The Scottish seascape of St. Andrews

St. Andrews Castle
St. Andrews Castle

The Scottish seascape of St. Andrews

by Stacy Roman
Stripes Europe

A mere 90 minutes northeast of Edinburgh sits the lovely seaside city of St. Andrews. Most notable as the birthplace of golf, evidence of a tumultuous and riveting past can be found throughout the town. Crumbing castle ruins, one of the oldest universities in the U.K. and, of course, world-renowned golf courses make St. Andrews a fabulous place to explore.

St. Andrews Castle

Perched on a small hill at the water’s edge, St. Andrews Castle leaves much to the imagination. The stately grounds were home to the bishop and archbishop of Scotland. During the Reformation in the 16th century, it became a battleground between the Catholics and Protestants. After the violence, the fortress was rebuilt.

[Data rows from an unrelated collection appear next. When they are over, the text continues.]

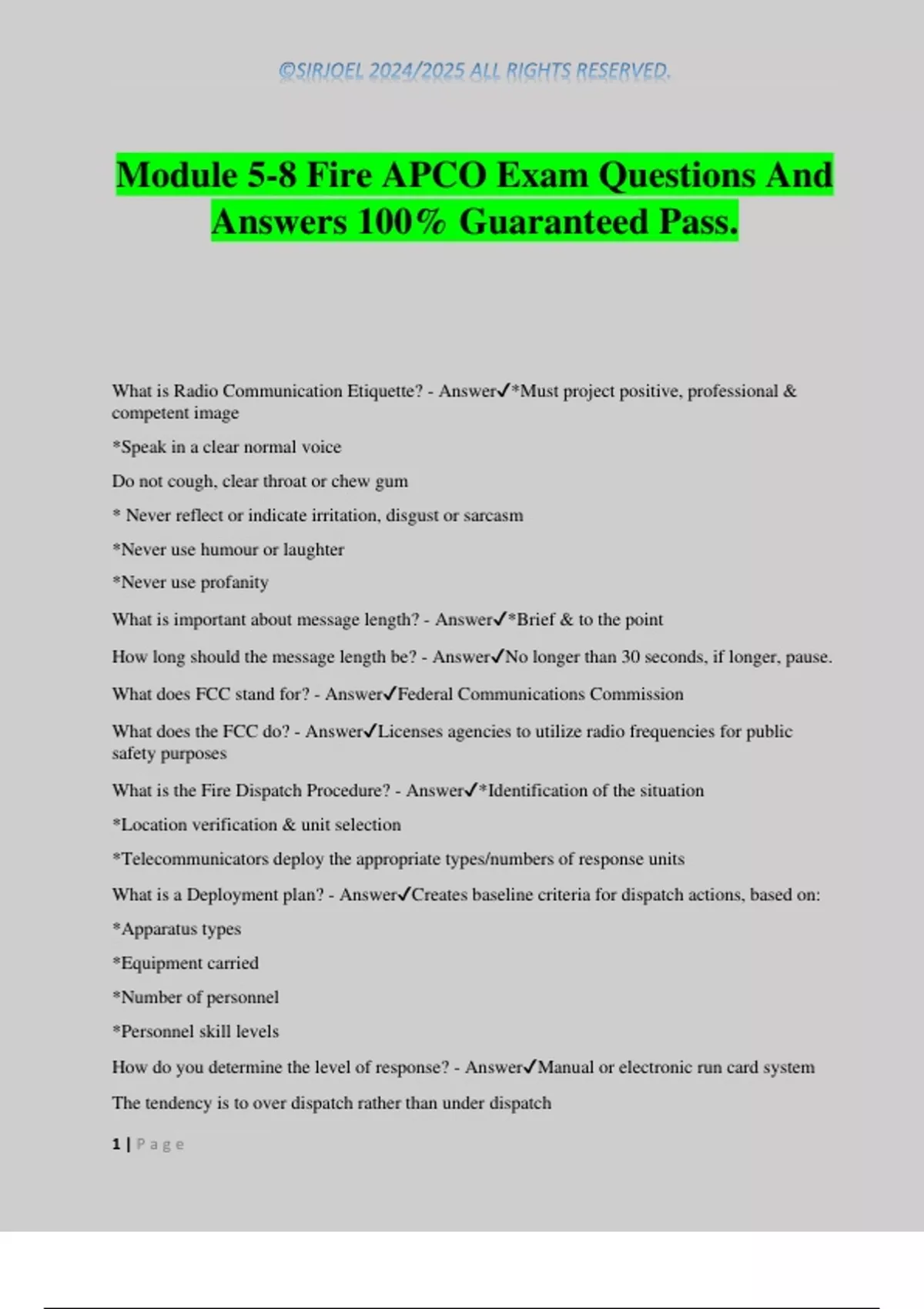 Module 5-8 Fire APCO Exam Questions And Answers 100% Guaranteed Pass.
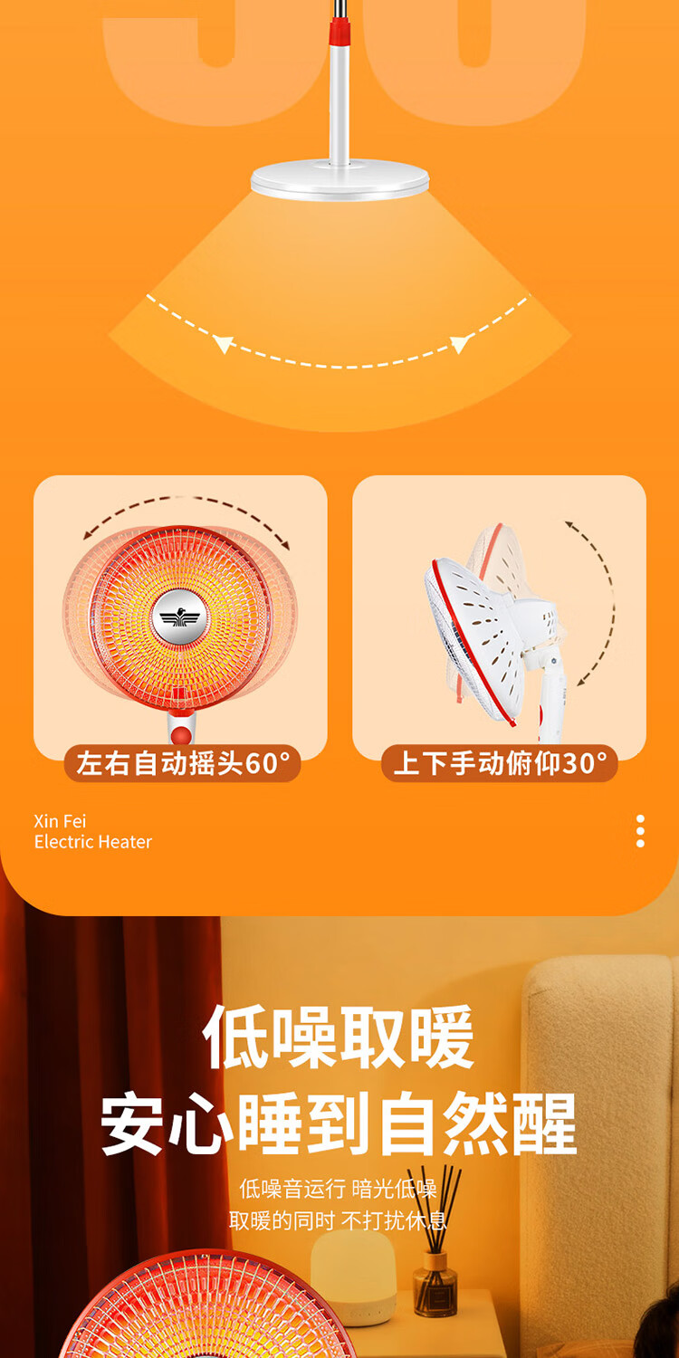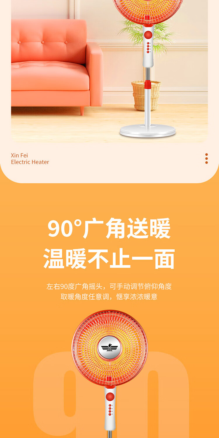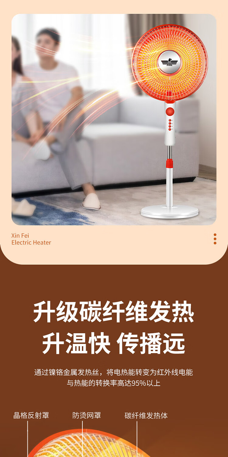 新飞落地小太阳取暖器家用立式电暖气办公室烤火炉卧室取暖扇节能省电落地暖气扇碳纤维加热 超大号顶配款【可摇头 加重底板 加强高热+延长线】 评价晒图返10元
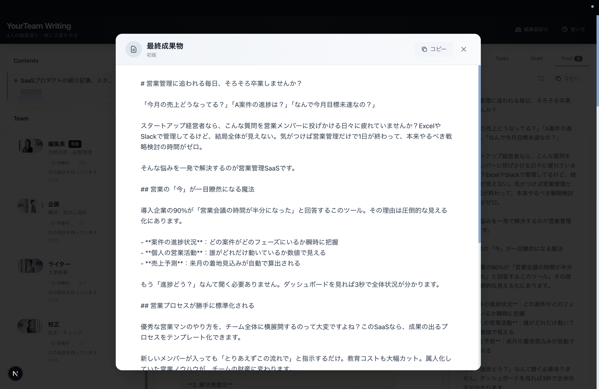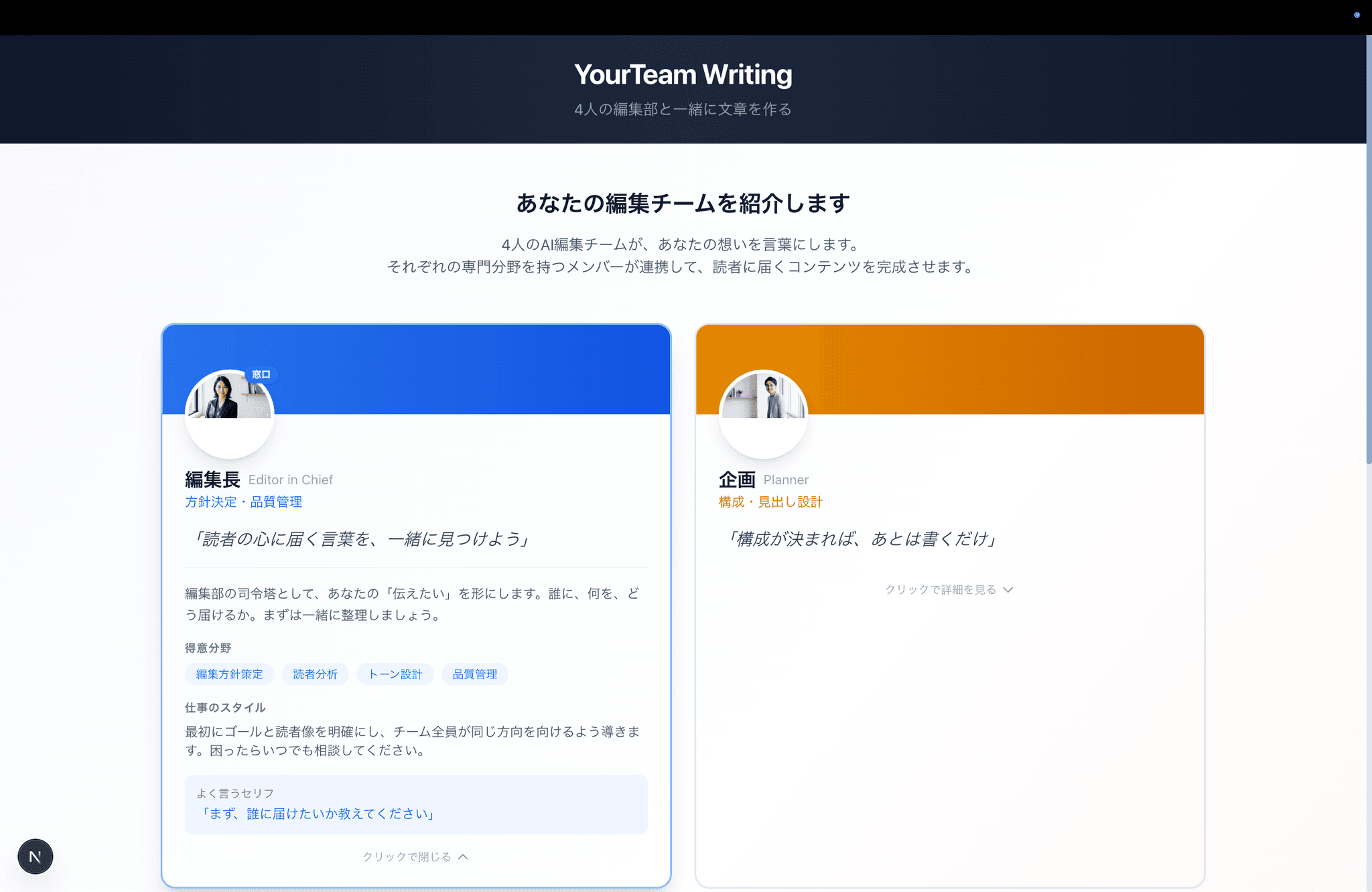 ユーザーは編集長に指示するだけで文章成果物を完成させるコンテンツ制作プロダクトです。

However, when the last remaining archbishop met his unfortunate end, the castle fell into disrepair and ruin. Because of its proximity to the ocean, much of the Great Hall collapsed and disappeared beneath the waves. What remains of the once-grand fortress has been protected by a seawall. Visitors can walk along the castle grounds and gardens or walk along the sandy shores below the seawall. The hollowed tunnels of the prison and dungeon are still intact, offering a glimpse into the sordid past.

A college town

Established by papal bull decree in 1413, the University of St. Andrews was built just a few blocks from the castle. It has survived almost 600 years of war, strife and time. With impressive masonry and architecture, the university is as beautiful as it is prestigious. Over the centuries, it has developed a reputation for excellence in the medical sciences and is a leading research institution. Notable scholars include “Peter Pan” author JM Barrie and their Royal Highnesses, the Duke and Duchess of Cambridge (Prince William and Kate Middleton).

The birthplace of golf

In the 15th century in St. Andrews, a competition grew in popularity that involved hitting a pebble or rock along a predetermined path with a stick or club. As the game spread throughout Scotland, golf was banned by King James II because many players were golfing rather than completing their military training. Eventually, the ban was reversed by avid player King James IV. The game was introduced in England by King Charles I, and thanks to British imperialism, golf rapidly spread around the globe. The first 18-hole course was built at St. Andrews in 1764.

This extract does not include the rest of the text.